On April 29, 2005, we filed a request with the Kansas Corporation Commission (KCC) for an increase in base rates for our Kansas electric customers in the amount of $4,181,078, or 24.64%. On October 4, 2005, we and the KCC Staff filed a Motion to Approve Joint Stipulated Settlement Agreement (Agreement) with the KCC. The Agreement called for an annual increase in base rates (which includes historical fuel costs) for our Kansas electric customers of approximately $2,150,000, or 12.67%, the implementation of an Energy Cost Adjustment Clause (ECA), a fuel rider that will collect or refund fuel costs in the future that are above or below the fuel costs included in the base rates and the adoption of the same depreciation rates approved by the MPSC in our last Missouri rate case. In addition, we will be allowed to change our recognition of pension costs, deferring the Kansas portion of any costs above the amount included in this rate case as a regulatory asset.
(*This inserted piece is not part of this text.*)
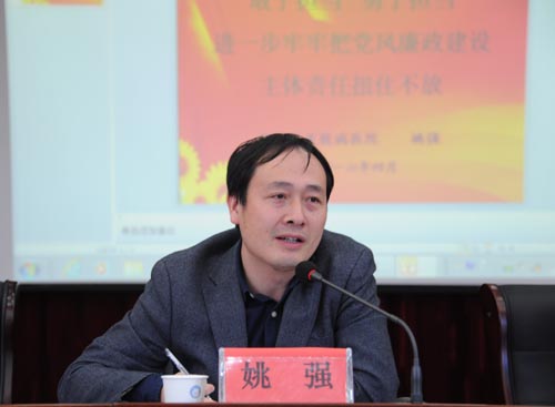 会议由严丽英书记主持,会上,单位党政主要负责人与分管领导、分管领导与各科室部门主要负责人签订了《党风廉政建设责任书》。签订仪式后,姚强院长给大家讲了题为《敢于担当、勇于担当,进一步牢牢把党风廉政建设主体责任扭住不放》的党风廉政专题党课,从忠诚于党、服务于民、勇于担当、清正廉洁、找准短板五个方面的具体内容,要求全体职工一是要加强道德修养和党性锻炼,锻造好过硬的思想品格和道德品质。二是要自省、自尊、自重,保持健康的生活情趣和高尚的道德情操,做一个有格调、有品位的人。三是要坚持五湖四海,拒绝小圈子,做到干干净净履职、规规矩矩用权,做严于用权的表率。四是要做务实谋事的带头人。五是要做敢抓敢管的带头人。并希望大家要有忧患意识,在单位内部管理、业务工作方面创新工作思路和工作方法,攻坚克难,谋划发展,不断适应新常态。
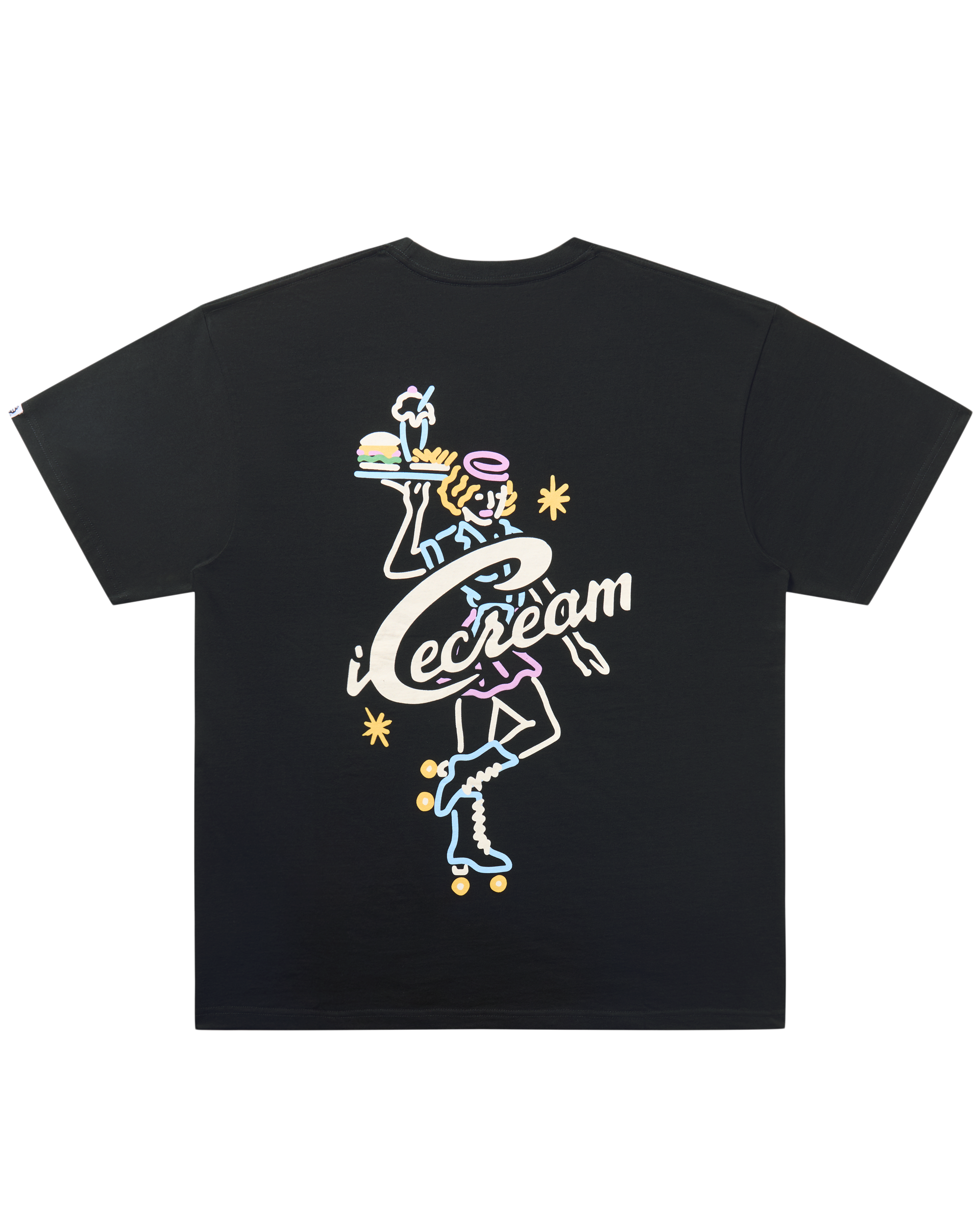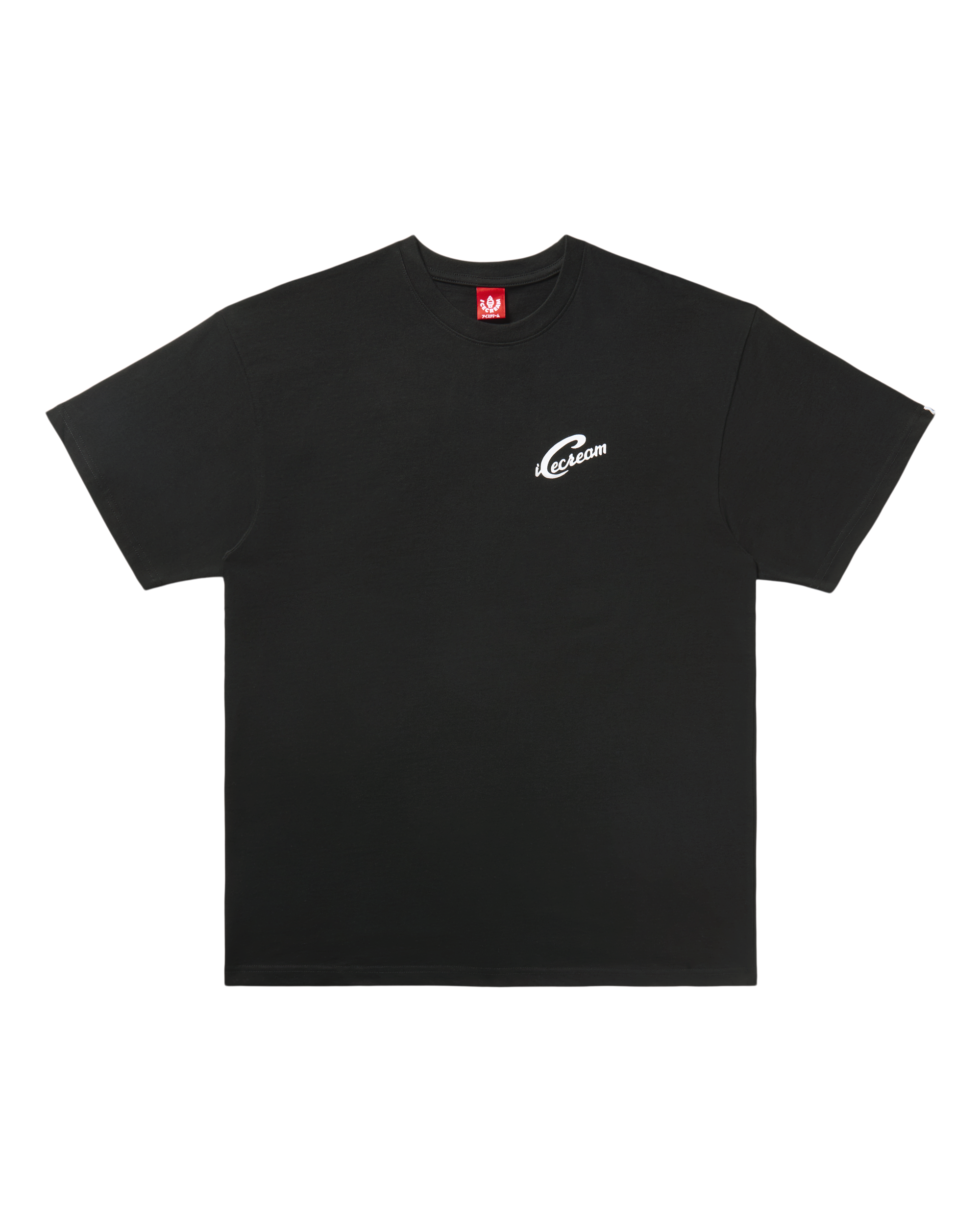 This tee showcases ICECREAM script on the front left chest and a graphic on the back.

The KCC approved the Agreement on December 9, 2005 with an effective date of January 4, 2006. Pursuant to the Agreement, we were to seek KCC approval of an explicit hedging program in a separate docket by March 1, 2006. However, we requested and received an extension until April 1, 2006.
On June 24, 2005, we filed a request with the MPSC for an annual increase in base rates for our Missouri water customers in the amount of $523,000, or 38%. The MPSC issued a final order on January 31, 2006 approving an annual increase in base rates of approximately $469,000, or 35.9%, effective February 4, 2006.
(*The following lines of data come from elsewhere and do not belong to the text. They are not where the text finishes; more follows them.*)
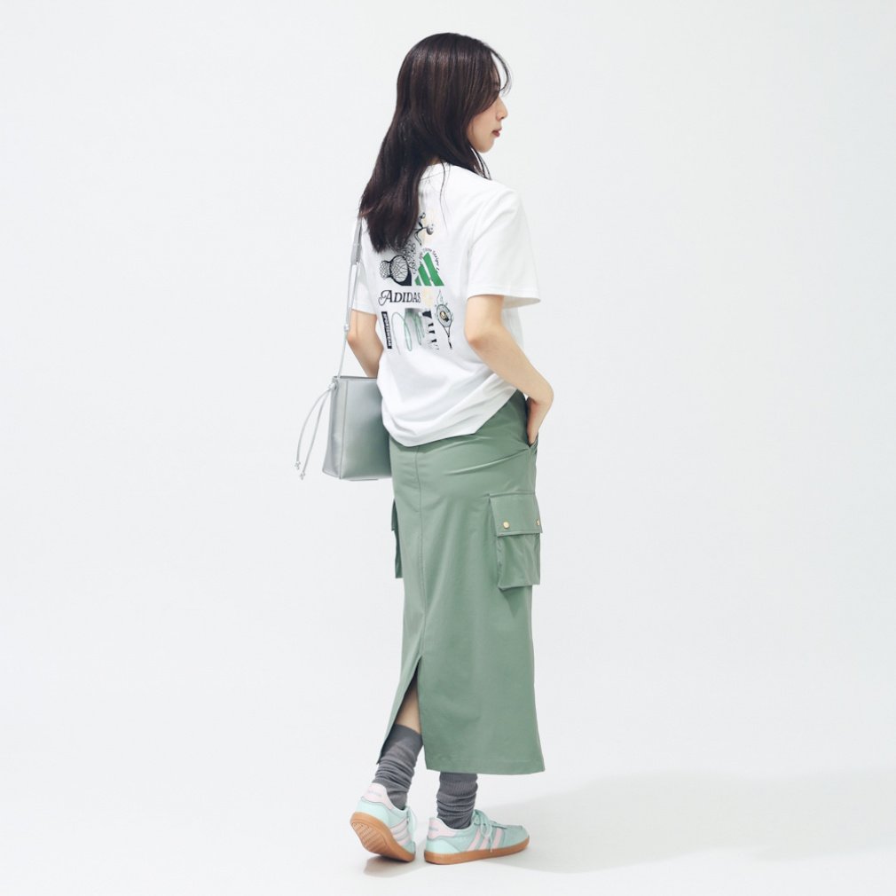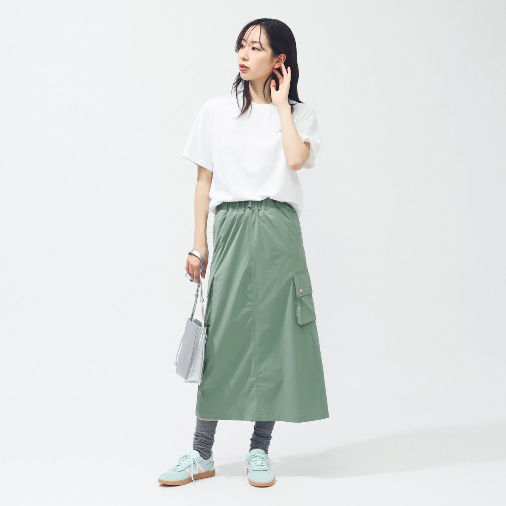 ◇気楽に着こなせるエフォートレスなスタイルの、アディダス カーゴスカート。
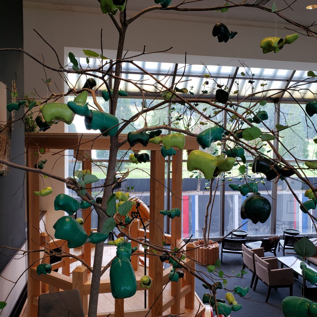 福島ということで、いたるところに赤べこがいて可愛かったです!木のオブジェもよくみると葉っぱが赤べこに!
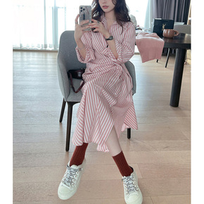 做个白桃氧气女孩/粉色条纹衬衫裙秋季法式小个子连衣...
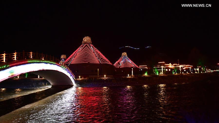 يوشو، تشينغهاي 17 أبريل 2019 (شينخوا) في الصورة الملتقطة يوم 14 أبريل 2019 منظر ليلي لولاية يوشو ذاتية الحكم لقومية التبت في مقاطعة تشينغهاي في شمال غربي الصين. وكانت هذه الولاية قد دمرت بزلزال كارثي بقوة 7.1 درجة في عام 2010، ما أسفر عن مقتل الآلاف. والآن انتصبت مدارس ومستشفيات ومساحات جديدة من بين الأنقاض، فيما يواصل الأهالي بذل جهودهم لبناء حياتهم الجديدة.
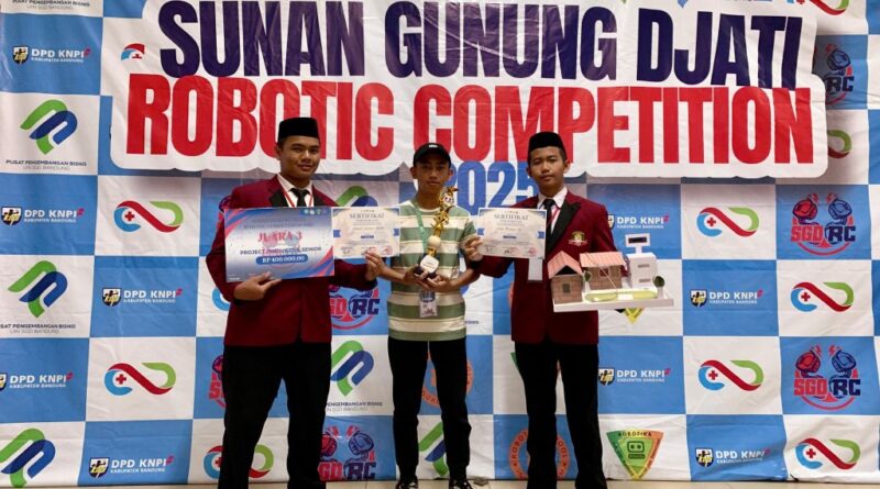 DAARUTTAUHIID.ORG | Prestasi membanggakan kembali diraih oleh santri SMK Daarut Tauhiid. Dalam ajang Lomba Inovasi Bidang Pendidikan yang digelar di UIN Sunan Gunung Djati Bandung, tim Club Robotic dari jurusan Teknik Jaringan Komputer dan Telekomunikasi (TJKT) berhasil meraih Juara 3 berkat karya inovatif mereka yang memadukan teknologi dan semangat literasi.
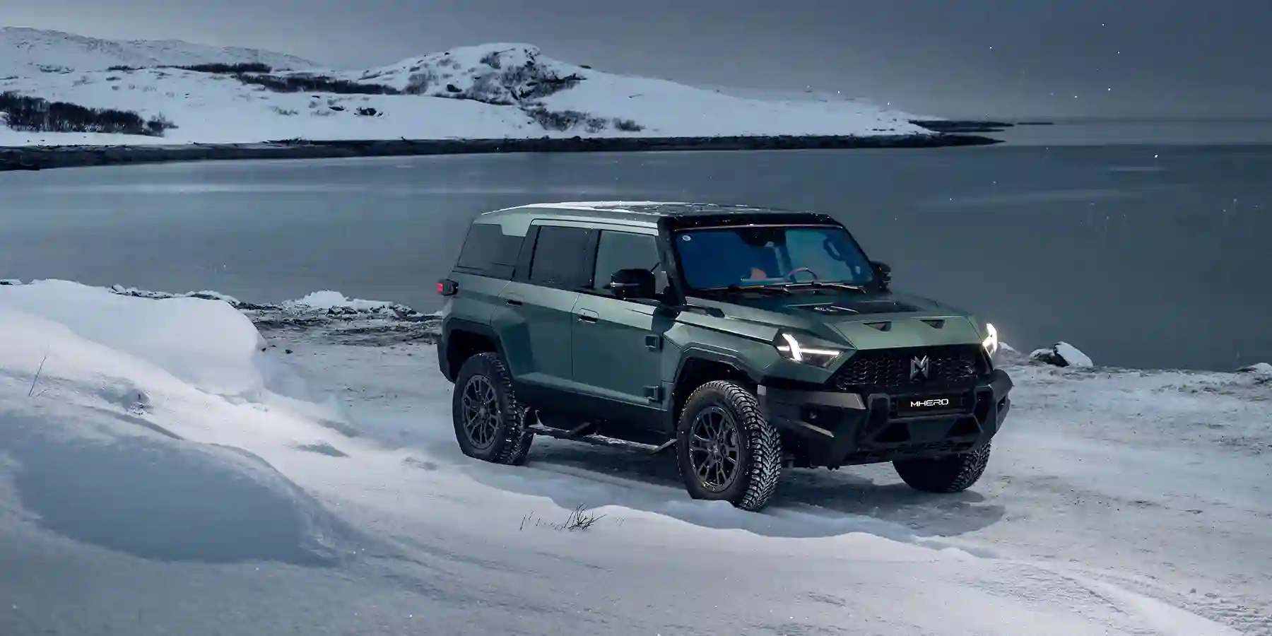 Вообще, объявление о том, что первый тест-драйв M-Hero пройдет именно здесь, да еще зимой, выглядело дерзко. Добраться сюда — это отдельная непростая задача, потому что взять перевал Муста-Тунтури способны далеко не все автомобили. Да и вообще, дороги здесь прокладывались военной техникой для военных нужд и, кажется, никогда не ремонтировались. Помножьте это на зимний холод, сбивающий с ног ветер и непролазный снег. И среди этого поистине русского «великолепия» — премиальный китайский электровнедорожник?

On February 1, 2006, we filed a request with the MPSC for an annual increase in base rates for our Missouri electric customers in the amount of $29,513,713, or 9.63%. We expect the unprecedented high natural gas prices to continue to negatively impact our fuel and purchased power expenses in the near future. Given our limited ability to recover these added costs, we also requested transition from the IEC to Missouri’s new fuel adjustment mechanism. At this time, we cannot predict the outcome of this rate case filing.
We will continue to assess the need for rate relief in all of the jurisdictions we serve and file for such relief when necessary.
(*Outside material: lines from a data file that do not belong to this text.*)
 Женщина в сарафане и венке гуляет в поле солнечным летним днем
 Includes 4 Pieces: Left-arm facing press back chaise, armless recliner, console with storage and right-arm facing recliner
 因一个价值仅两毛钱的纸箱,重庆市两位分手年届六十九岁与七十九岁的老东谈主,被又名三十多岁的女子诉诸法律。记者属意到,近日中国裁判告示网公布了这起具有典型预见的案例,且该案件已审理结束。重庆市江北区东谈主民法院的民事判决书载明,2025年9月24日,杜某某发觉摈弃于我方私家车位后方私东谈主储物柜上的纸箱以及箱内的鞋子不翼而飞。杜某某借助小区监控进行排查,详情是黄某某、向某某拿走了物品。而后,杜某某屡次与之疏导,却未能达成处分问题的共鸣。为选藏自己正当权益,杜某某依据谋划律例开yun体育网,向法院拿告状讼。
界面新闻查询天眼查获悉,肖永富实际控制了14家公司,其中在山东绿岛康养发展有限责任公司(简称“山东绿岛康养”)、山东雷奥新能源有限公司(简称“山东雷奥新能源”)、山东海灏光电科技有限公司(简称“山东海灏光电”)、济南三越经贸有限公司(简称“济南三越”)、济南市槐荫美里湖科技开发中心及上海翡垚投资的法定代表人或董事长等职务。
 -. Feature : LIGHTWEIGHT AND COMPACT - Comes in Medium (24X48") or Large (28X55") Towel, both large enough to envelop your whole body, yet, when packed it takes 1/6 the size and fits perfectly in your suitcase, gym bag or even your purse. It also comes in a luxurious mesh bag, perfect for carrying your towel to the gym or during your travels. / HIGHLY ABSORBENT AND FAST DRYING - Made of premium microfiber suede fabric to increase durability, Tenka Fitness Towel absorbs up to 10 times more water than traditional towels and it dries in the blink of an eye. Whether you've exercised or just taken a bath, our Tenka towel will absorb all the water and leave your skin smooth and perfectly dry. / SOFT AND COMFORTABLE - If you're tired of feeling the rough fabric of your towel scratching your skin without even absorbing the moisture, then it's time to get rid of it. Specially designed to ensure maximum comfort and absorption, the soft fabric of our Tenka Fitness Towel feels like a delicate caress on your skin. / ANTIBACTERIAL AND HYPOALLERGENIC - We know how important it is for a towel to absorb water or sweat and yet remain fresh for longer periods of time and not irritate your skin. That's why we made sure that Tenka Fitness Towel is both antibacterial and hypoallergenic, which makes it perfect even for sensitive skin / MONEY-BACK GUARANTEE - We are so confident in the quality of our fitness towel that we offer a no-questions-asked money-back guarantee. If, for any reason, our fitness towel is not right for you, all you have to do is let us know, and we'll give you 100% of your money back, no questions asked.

Off-System Electric Transactions
In addition to sales to our own customers, we also sell power to other utilities as available and provide transmission service through our system for transactions between other energy suppliers. The following table sets forth information regarding these sales and related expenses for the years ended December 31:
(in millions) | | 2005 | | 2004 | | 2003 | |
Revenues | | $ | 16.9 | | $ | 10.8 | | $ | 15.3 | |
Expenses | | 12.0 | | 6.3 | | 9.8 | |
Net * | | $ | 4.9 | | $ | 4.5 | | $ | 5.5 | |
*Differences could occur due to rounding.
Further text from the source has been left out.